Why do we do this? Why do we blame the actions of others and external circumstances when things don’t go our way or we make bad decisions? Well, for one thing, if we’re not at fault when something goes wrong, (we think) it makes us look better. It’s much easier to blame our feelings and subsequent actions on how our spouse or treat treats us rather than taking responsibility for what we have done. When we do this, we’re not being honest with ourselves or anyone else.

The Hard Truth

The truth is that I am responsible for how my life goes, and you are responsible for how your life goes. This is a statement with which I think most people would agree. However, I’m willing to bet that many of us don’t actually understand it enough to live it.

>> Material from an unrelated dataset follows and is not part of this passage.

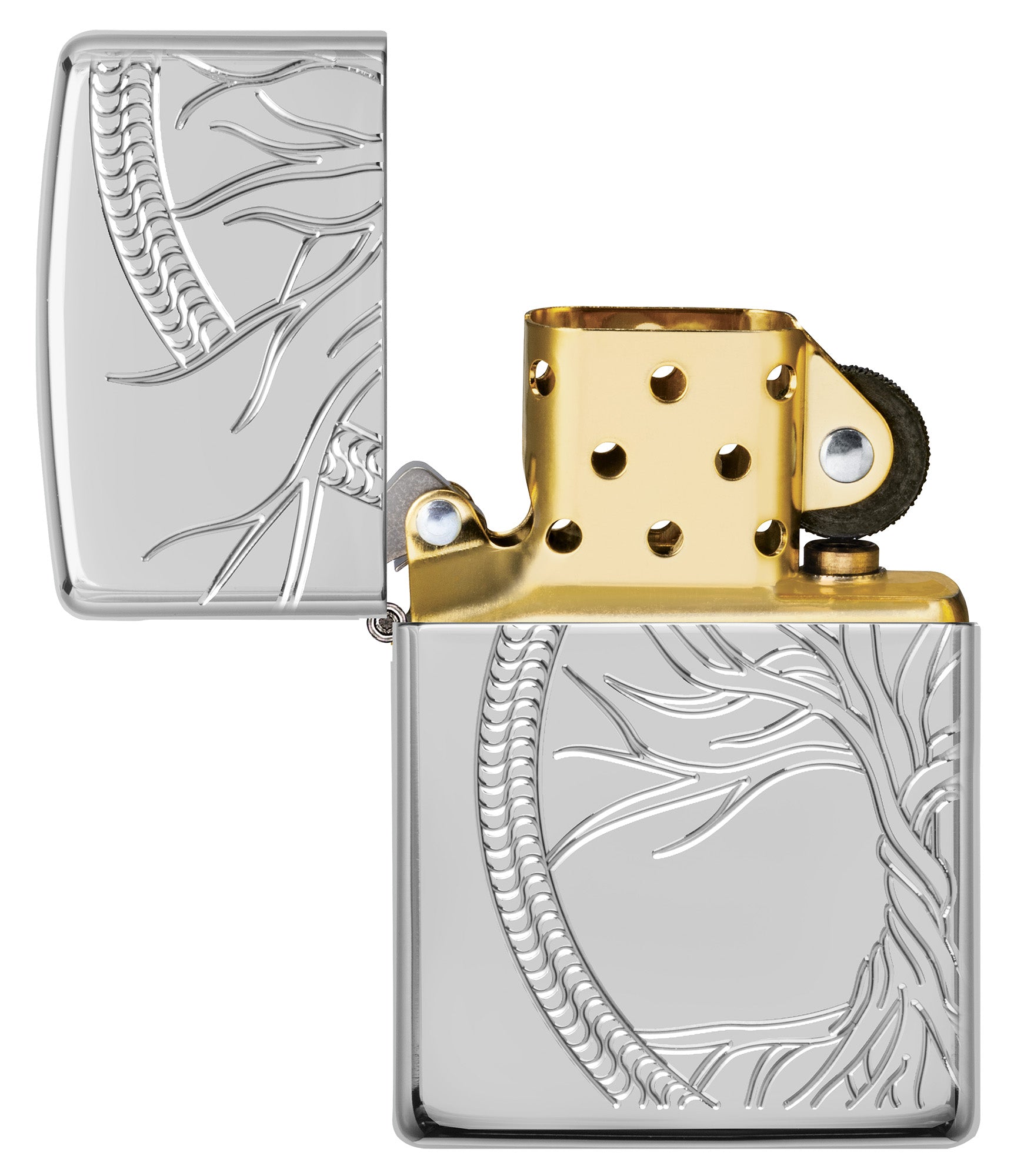 Der Baum des Lebens ist ein zeitlos beliebtes Motiv unter Zippo-Fans. Hier wird dieses uralte Symbol für persönliches Wachstum, Stärke und natürliche Schönheit mithilfe des MultiCut-Verfahrens von Zippo rund um alle Seiten dieses Armor® High Polish Sterling Silver Feuerzeugs eingraviert und verleiht ihm ein luxuriöses Aussehen sowie eine strukturierte Haptik. Wird in einer Geschenkbox geliefert. Für optimale Leistung mit Zippo-Feuerzeugbenzin befüllen.

Every person with normal cognitive functions born on this earth has the ability to choose and make decisions for themselves. Yet, all too often, we complain about how miserable we are because of what is “happening to us.”

Although difficult things may come into our lives, we always have a choice on how to respond. As Stephen Covey explains in The 7 Habits of Highly Effective People, “Our behavior is a function of our decisions, not our conditions.” He also states that “it is our willing permission, our consent to what happens to us, that hurts us far more than what happens to us in the first place.”

So, essentially, if we are miserable because of something that happened to us, we have done that ourselves.

This can be a pretty hard truth to swallow. I know that when I’m in a bad mood, I don’t like to be told that it’s my choice that I’m in a bad mood.

Taking Responsibility

So how do you take responsibility and take control of your life? Well, to put it simply, you just do it. You don’t try to do it. Do or do not. There is no try.

Personal Example

There have been some situations in my personal life lately that have been…less than ideal. Circumstances beyond my control (another person’s actions) were really starting to impact me. I would get angry, frustrated, annoyed, critical, and so on. Then, one night as I was reading 7 Habits, I realized that this person’s behavior had near total control over me. I immediately decided to shift my thinking and take control of my responses to what I viewed as this person’s negative behavior. It felt so much better to be actively choosing what I spent my emotional capital on, and this person’s behavior was not in my budget.

The next step was to get my wife on board with this paradigm shift.

We had a long conversation about being in control of our responses and actions despite whatever happens. That is when my wife asked me, “You can’t just say you’re not going to care and then be fine. How do you DO it?” I responded: ” You just do it. You wake up in the morning and tell yourself that no matter what happens, you have a choice on how your day goes. No matter what anyone else does, they can’t control what you do.”

The next day and subsequent week went very well. There were a lot of crazy things that happened, but it didn’t affect us. We were able to choose how to respond to those less than ideal circumstances.

Final Thoughts

Some may take issue with this post and say, “Well you don’t understand! I’m unhappy because of [fill in the blank].”

But that’s the whole point. I am ultimately responsible for my own life and circumstances. You are responsible for yours. You have the ability to choose how to respond to situations in which you do not have control. To allow ourselves to be negatively influenced by external circumstances is to bench the star player (you) in the most important game of the year- only to passively observe, unable to influence the outcome.

My intention is not to preach, but to help set people free from themselves. Most of us, at some point or another, have limited our own potential by making choices, consciously or unconsciously, that go against our very own desires. I’m trying to get rid of that in my own life. I want my life to be a product of my choices, not of someone else’s. I don’t want to have Obi-wan’s voice ringing in my ears when I blame a bad choice on someone or something else saying, “You have done that yourself.”